In 1923, the French fashion house joined the westward drift of the dressmakers, abandoning its historic location in the Place de l'Opéra and occupying new quarters on the Champs-Elysées.

The de Wagners remained only long enough to get things running smoothly in the new premises, Mlle. Madeleine having been taken as joint director. The de Wagners retired in 1925. In the same year, Drecoll perfume was exhibited at the Canadian National Show.
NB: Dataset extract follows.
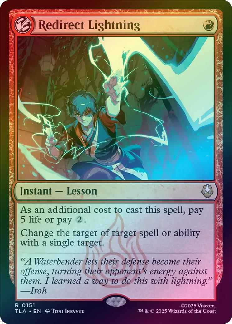Redirect LightningCasting Cost: Card Type: Instant - LessonCard Text: As an additional cost to cast this spell, pay 5 life or pay . Change the target of target spell or ability with a single target.Flavour Text: "A Waterbender lets their defense become their offense, turning their opponent's energy against them. I learned a way to do this with lightning." -IrohArtist: Toni Infante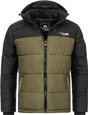 Herren Winter Stepp Jacke gesteppte Winterjacke warm Kapuze AS-333 [AS-333-Dark-Olive-Gr.L]

====Architecture and fittings====
The new setting was almost too gorgeous for its purpose, gowns on display needing a quieter frame. The original structure was the Second Empire Hôtel of the rich Madame de Bestegui; and, though the de Wagners almost completely rebuilt it, they could not bring themselves to destroy the sumptuous mural decorations of the chief rooms.

Beyond a heavy glass and iron door, to the right, was a comfortable rendezvous room with chairs and deep windows; straight ahead, an austere foyer of stone with a berugged pavement, two ornamental trees in tubs, and a Louis Quatorze commode with swelling mahogany front supporting a single Chinese vase against a background of Gobelin fabric which shielded a cream-coloured rectangle of wall marble. From the foyer mounted the broad staircase with its specially designed balustrade of black iron, the steps covered with a strip of Persian carpet. Turning at the broad landing, at the top, was a reception room, another place of rugs, tapestries and hidden lights. In the grand salon, the rugs disappeared, and the room was carpeted in plain velvet from wall to wall, Paris dressmaking opinion having been almost unanimous that the showroom should be simply a neutral frame for the rainbow hues of the merchandise. This grand salon was the place where mannequins paraded and clients watched, and no aggressive colors were wanted. Yet it was luxurious, this great room stretching along the whole front of the building, adorned in gray and gold and crystal. The thick windows deadened the diapason of the avenue's traffic, and the atmosphere was that of the orchid house. On the ceiling alone, the decorators employed a free hand, their brushes having painted an azure firmament in which floated pink cupids and roses.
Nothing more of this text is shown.